This is a fun little matching service built using Keras, TensorFlow, scikit-learn and OpenCV. OpenCV is used for Haar cascade face region identification for matching, the training data is pre-cropped faces. The cropped faces are fed into VGG16 with the dense classification layers removed. The resulting flattened convolutional vector has principal component analysis applied to reduce the space, the result of which is fed to a linear support vector machine classifier to obtain class identification.
What you do is drop some training data in /data/train
using a common name with numeric suffix for the repeats
of a given class.
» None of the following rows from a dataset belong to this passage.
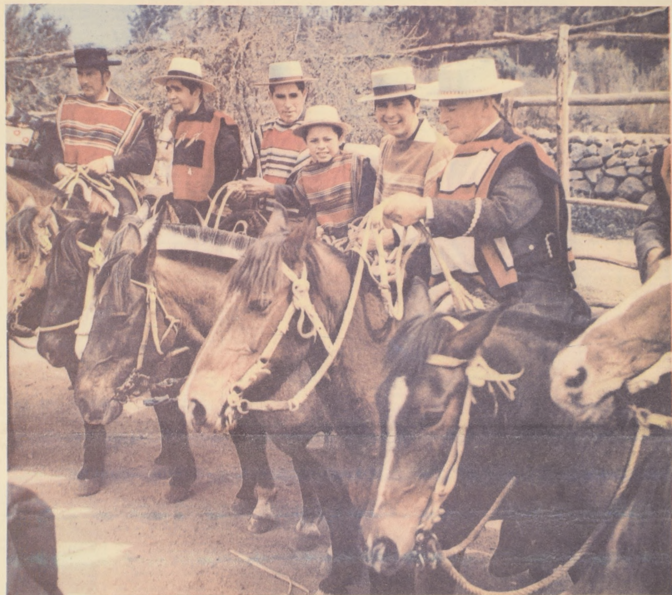
LUCIENDO MANTAS TAN LINDAS, COMO LAS GUINDAS, estos huasos del Club de Las Condes, se preparan para el rodeo oficial que se realizará, en la medialuna de Los Dominicos, hoy y
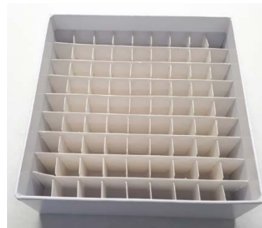
Caja de cartón (buffy coat)

Las instrucciones para el transporte del producto son (en ambos lotes):
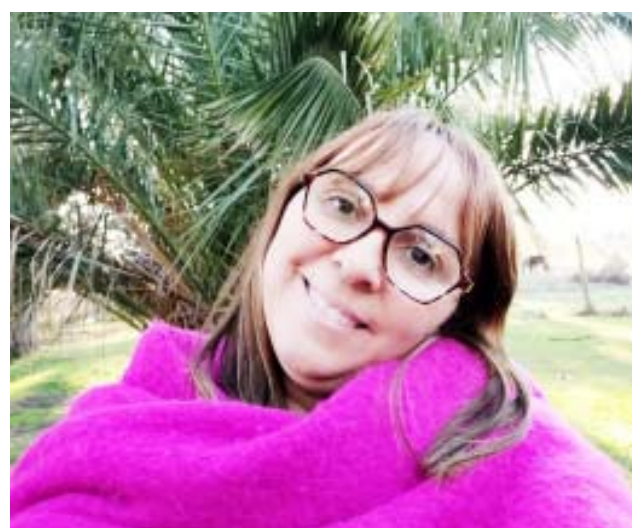
La dirigió José María Muscari, con quien hizo temporada en Mar del Plata.
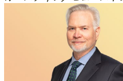
スティーブ・オニール サンフランシスコ/ロンドン
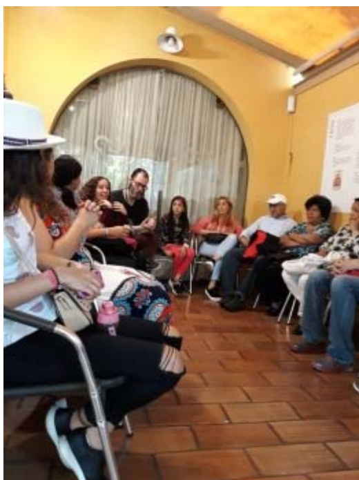
Oficina para Casa Mafalda, 24/11
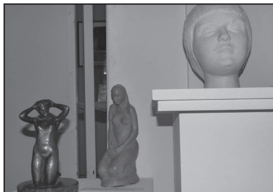
Kruzsliz István alkotásai
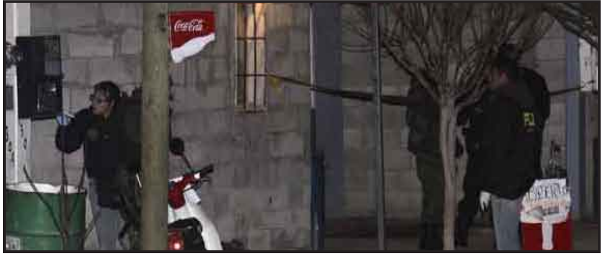
El número de fallecidos, por el ataque a un grupo de estudiantes, el pasado sábado en esta frontera, se elevó a 16.

Coincidimos, dijo, en la necesidad de aprovechar al máximo el Acuerdo de Asociación Económica para favorecer la recuperación de flujos comerciales y de inversión, que se habían afectado por la crisis económica internacional.
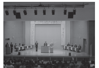
第1部 式典の部の様子
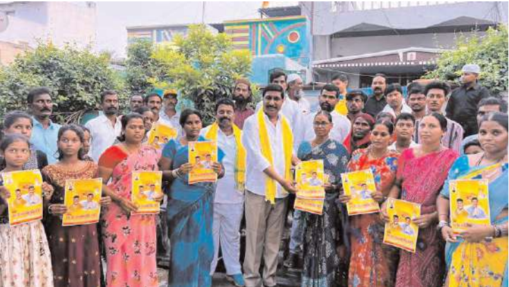
కరపత్రాలను పంపిణీ చేస్తున్న దృశ్యం
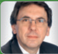
RR ADir. Hofbauer Lohnsteuer- Experte ehem. BMF
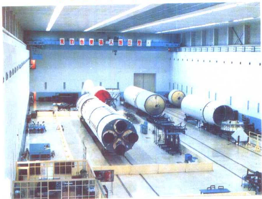
运载火箭总装厂房

These will all be mapped to the
non-numeric part of the file name as a label. You can feed
a generic catch-all class like none
for a wide range of
images that do not match a particular class. The reason for
doing the PCA before the classifier is to reduce the
dimensionality of the VGG16 vector to something more meaningful
to the classifier. This makes a huge difference when there
is a catch-all class (as opposed to forcing only defined
classes).
When the app first runs, it will notice a lack of the
pre-computed model and build one from the files present. Next
time it runs it will simply use the existing classifier. Both
the classifier and decomposition model are stored in the
/models
directory. Just delete it if you want to refresh
the classifier model with new data.
To perform a match, you just send an image by POST
to
the service. It will only attempt a face match if there is
one face detected. All other cases either lack the requesite
data or are ambiguous. In this case an error message is
presented, otherwise a match is attempted. The class is
returned in this case, which can be one of the specifically
defined classes or the catch-all class.
Here are some examples based on the data that this comes with:
curl -X POST -F 'image=@data/test/norton.jpg' http://localhost:5000/match
curl -X POST -F 'image=@data/test/hopkins.jpg' http://localhost:5000/match
curl -X POST -F 'image=@data/test/cruise.jpg' http://localhost:5000/match
curl -X POST -F 'image=@data/test/roberts.jpg' http://localhost:5000/match
curl -X POST -F 'image=@data/test/brady.jpg' http://localhost:5000/match
Given the training data, the Edward Norton and Anthony Hopkins matches
should return the proper class, whereas Tom Cruise and Julia Roberts
should return the none
class.